Consider an example.-Entity A holds 48% of the voting rights of entity B; the remaining 52% of B is widely held by thousands of shareholders (none of whom holds more than 1% of the voting rights). A has power over B, because A has a dominant voting interest (based on the absolute size of its holding, and relative to other shareholders), and a large number of shareholders would have to agree to outvote A.

The concept of de-facto control does not exist under Indian GAAP.

Options And Convertible Instruments
Under Indian GAAP, option and warrants are generally not considered in determination of control. Ind-AS 110 requires that a reporting entity should assess whether its power to obtain voting rights achieved from holding options or convertible instruments gives it the power to direct the activities of another entity. For example, an option or conversion agreement may give the reporting entity particular rights relating to the strategic operating and financing policies. If these rights enable the reporting entity to have the power to direct the activities of the entity, it will need to consolidate another entity. On the other hand, if convertible instruments are held by some other investor, the entity will need de-consolidate the entity which it had consolidated under Indian GAAP.

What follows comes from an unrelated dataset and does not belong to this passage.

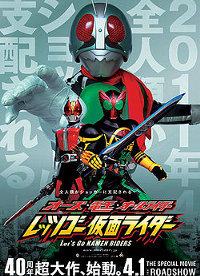 Tempo di celebrazioni per l’industria dello Spettacolo giapponese: il 3 Aprile di quest’anno ricorrono i 40 anni dal debutto in televisione, sull’ex-emittente NET TV (ora TV Asahi), di Kamen Rider, vero padre fondatore del genere degli “eroi mascherati” e che ha dato il via a una longeva e fortunata serie di serie TV e film. Per l’occasione è uscito nei cinema un nuovo film celebrativo OOO, Den-O, All Riders: Let's Go Kamen Riders che si è immediatamente piazzato in testa alle classifiche dei primi due week-end di Aprile (non conquista il primo posto assoluto negli incassi del periodo per una mera questione temporale).
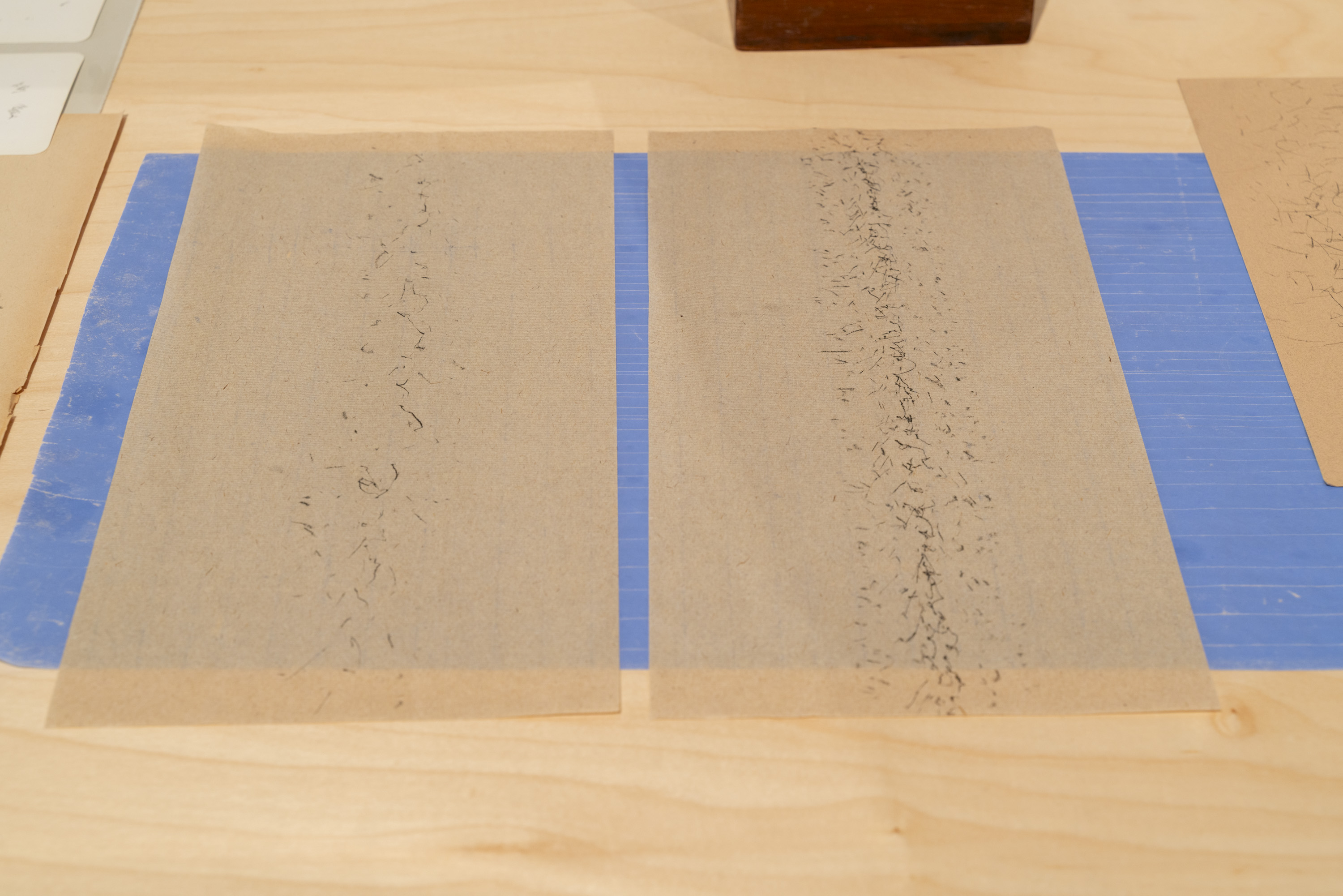 Well, 2025; Rock, 2025, transfer pigment on Arches paper, on maple wall, Dimension: 44 x 30 1⁄4 in. (drawings only)

Delegated Power – Principal Or Agent
Ind-AS 110 introduces a new concept of delegated power.  An investor may delegate decision-making authority to an agent on some specific issues or on all relevant activities, but, ultimately, the investor as principal retains the power. An agent is a party engaged to act on behalf of another party (principal), but which does not have control over the investee. Accordingly, a decision maker that is not an agent is a principal. It is necessary to assess whether the decision maker is acting as a principal or an agent, to determine whether the decision maker is deemed to have control.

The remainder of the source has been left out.